As a part of my daily job, I draw scatterplots, lots of them. And because there are thousands of genes expressed in any mouse or human tissue, my typical plot looks something like this (code). (Actually, it is a comparison of variance that can be attributed to "sex" factor in mRNA vs. protein expression.)
The question is - what is a gene in the top right corner? And what is the one next to him? And this one? And that?
What we need is a clickable scatterplot. Something I can point with a mouse and get a corresponding gene name. Then click and my browser would open a window with the gene's details (for example in Ensemble). And thanks to ggvis package, it is now possible. Try the following code:
In the case above there must be R running somewhere behind, translating points to gene symbols and Ensemble links. How to share this figure with somebody who does not have R on his or her machine? One possibility is to run it on shinyapps.io or your private shiny server.
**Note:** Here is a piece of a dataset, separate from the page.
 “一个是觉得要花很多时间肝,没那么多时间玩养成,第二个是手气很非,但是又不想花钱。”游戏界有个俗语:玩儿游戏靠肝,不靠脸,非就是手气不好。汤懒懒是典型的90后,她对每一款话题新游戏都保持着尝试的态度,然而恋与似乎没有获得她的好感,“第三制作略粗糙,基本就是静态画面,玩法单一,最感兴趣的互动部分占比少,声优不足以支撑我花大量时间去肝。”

The second way to add interactive annotation is iplot function in the new Karl Broman's interactive testjs package. It produces Javascipt widget that can be easily saved and share as html page (code).
And with a little help of shiny, we can do even more: Mike Love has a nice example (mtcars_demo in his Github repository), see the widget below. Click on a dot in the left panel makes the corresponding dot in the right panel highlighted (the trick is clickId option in shiny::plotOutput).
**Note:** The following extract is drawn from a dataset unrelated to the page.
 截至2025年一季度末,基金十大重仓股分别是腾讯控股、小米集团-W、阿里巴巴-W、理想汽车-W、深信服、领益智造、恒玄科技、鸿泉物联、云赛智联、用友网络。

Mike's approach is similar to identify function in basic graphics. The output is a position on an image and you need to find the nearest point afterwards.
I tried something similar with ggvis's SVG objects, so you can set up "on_click" or "on_hoover" events directly (see mtcars_demo here). Click either on left or right panel and the corresponding dot in the opposite panel gets highlighted.
For more complex visualisations, D3.js is a must. However, if you just need to add a bit of interactivity to your R plots, thanks to ggvis, shiny, htmlwidgets, ... it is now possible.
PS. Matt Sundquist sent me the first graph made by plotly that is very cool. More about that maybe later. The trick to edit "on_hover" text is described here.